IV. « Je dis qu'un objet est présent à notre esprit quand notre esprit l'aperçoit ou le connaît. Je laisse encore à examiner s'il y a une autre présence de l'objet préalable à la connaissance, et qui soit nécessaire, afin qu'il soit en état d'être connu. Mais il est certain que la manière dont je dis qu'un objet est présent à l'esprit quand il en est connu, est incontestable; et que c'est ce qui fait dire, qu'une personne que nous aimons nous est souvent présente à l'esprit, parce que nous y pensons souvent.
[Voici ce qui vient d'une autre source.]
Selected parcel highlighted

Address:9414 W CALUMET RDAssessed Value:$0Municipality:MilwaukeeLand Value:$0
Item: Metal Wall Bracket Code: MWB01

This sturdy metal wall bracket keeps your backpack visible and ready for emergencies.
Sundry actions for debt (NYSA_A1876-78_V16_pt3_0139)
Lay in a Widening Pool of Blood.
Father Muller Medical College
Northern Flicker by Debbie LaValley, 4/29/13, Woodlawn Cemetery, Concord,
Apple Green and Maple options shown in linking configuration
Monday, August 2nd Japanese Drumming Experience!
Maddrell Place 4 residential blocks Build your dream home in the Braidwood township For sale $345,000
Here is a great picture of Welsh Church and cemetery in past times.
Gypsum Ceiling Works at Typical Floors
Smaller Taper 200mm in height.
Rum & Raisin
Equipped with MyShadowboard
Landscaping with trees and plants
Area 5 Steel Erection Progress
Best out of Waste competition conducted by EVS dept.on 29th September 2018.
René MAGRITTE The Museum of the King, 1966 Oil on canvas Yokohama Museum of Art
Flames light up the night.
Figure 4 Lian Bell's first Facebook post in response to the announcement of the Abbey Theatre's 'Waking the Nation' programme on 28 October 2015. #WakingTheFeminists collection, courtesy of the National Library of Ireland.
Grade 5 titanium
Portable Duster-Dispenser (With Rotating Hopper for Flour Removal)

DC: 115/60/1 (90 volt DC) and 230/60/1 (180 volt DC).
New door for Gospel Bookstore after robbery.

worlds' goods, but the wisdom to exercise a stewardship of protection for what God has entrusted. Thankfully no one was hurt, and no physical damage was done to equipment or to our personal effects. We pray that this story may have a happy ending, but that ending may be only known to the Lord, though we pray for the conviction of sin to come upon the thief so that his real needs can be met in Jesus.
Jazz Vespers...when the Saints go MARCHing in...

V. « Je dis qu'une chose est objectivement dans mon esprit, quand je la conçois ; quand je conçois un carré, le soleil, un son; le soleil, le carré, le son, sont objectivement dans mon esprit, soit qu'ils soient ou qu'ils ne soient pas hors de mon esprit.
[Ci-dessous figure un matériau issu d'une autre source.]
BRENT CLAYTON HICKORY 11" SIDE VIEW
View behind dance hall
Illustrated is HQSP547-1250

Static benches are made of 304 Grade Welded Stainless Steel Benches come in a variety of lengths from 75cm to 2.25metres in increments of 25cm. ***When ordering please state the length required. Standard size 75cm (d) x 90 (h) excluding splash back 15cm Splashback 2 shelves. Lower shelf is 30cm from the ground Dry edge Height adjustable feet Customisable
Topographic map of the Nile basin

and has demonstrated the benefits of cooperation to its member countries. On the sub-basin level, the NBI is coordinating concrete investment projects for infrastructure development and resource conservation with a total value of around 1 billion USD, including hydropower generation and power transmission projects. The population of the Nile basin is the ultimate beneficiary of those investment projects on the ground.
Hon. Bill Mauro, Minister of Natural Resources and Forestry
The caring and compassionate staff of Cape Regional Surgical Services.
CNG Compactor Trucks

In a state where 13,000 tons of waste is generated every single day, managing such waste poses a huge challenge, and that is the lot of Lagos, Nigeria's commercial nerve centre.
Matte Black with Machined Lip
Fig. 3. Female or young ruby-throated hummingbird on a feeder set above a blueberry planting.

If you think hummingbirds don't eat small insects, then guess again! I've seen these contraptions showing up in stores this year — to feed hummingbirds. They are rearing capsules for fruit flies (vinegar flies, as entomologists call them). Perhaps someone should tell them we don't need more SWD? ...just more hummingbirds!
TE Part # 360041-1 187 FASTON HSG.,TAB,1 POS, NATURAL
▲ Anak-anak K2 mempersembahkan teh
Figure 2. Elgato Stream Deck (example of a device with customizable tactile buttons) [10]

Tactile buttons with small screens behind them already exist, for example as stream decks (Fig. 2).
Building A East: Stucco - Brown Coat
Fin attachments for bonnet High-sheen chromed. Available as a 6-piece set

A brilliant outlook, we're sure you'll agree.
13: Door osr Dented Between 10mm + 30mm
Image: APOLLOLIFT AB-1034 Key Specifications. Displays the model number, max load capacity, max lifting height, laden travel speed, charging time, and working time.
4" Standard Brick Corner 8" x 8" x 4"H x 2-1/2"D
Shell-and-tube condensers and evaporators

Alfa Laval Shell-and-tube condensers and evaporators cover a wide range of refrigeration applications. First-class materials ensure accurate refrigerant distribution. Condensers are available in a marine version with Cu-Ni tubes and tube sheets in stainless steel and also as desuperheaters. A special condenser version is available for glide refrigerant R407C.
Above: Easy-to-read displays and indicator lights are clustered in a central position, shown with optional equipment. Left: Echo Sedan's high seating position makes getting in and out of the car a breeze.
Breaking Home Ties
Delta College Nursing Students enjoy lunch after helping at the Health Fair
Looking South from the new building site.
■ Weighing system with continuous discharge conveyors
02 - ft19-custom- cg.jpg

VI. « J'ai dit que je prenais pour la même chose la perception et l'idée. Il faut néanmoins remarquer que cette chose, quoiqu'unique, a deux rapports : l'un à l'âme qu'elle modifie; l'autre à la chose aperçue, en tant qu'elle est objectivement dans l'âme et que le mot de perception marque plus directement le premier rapport, et celui d'idée le dernier. Ainsi la perception d'un carré marque plus directement mon âme comme apercevant un carré; et l'idée d'un carré marque plus directement le carré, en tant qu'il est objectivement dans mon esprit. Cette remarque est très-importante pour résoudre beaucoup de difficultés, qui ne sont fondées que sur ce qu'on ne comprend pas assez que ce ne sont

point deux entités différentes, mais une même modification de notre âme, qui enferme essentiellement ces deux rapports; puisque je ne puis avoir de perception, qui ne soit tout ensemble la perception de mon esprit comme apercevant, et la perception de quelque chose comme aperçue; et que rien aussi ne peut être objectivement dans mon esprit (qui est ce que j'appelle idée) que mon esprit ne l'aperçoive.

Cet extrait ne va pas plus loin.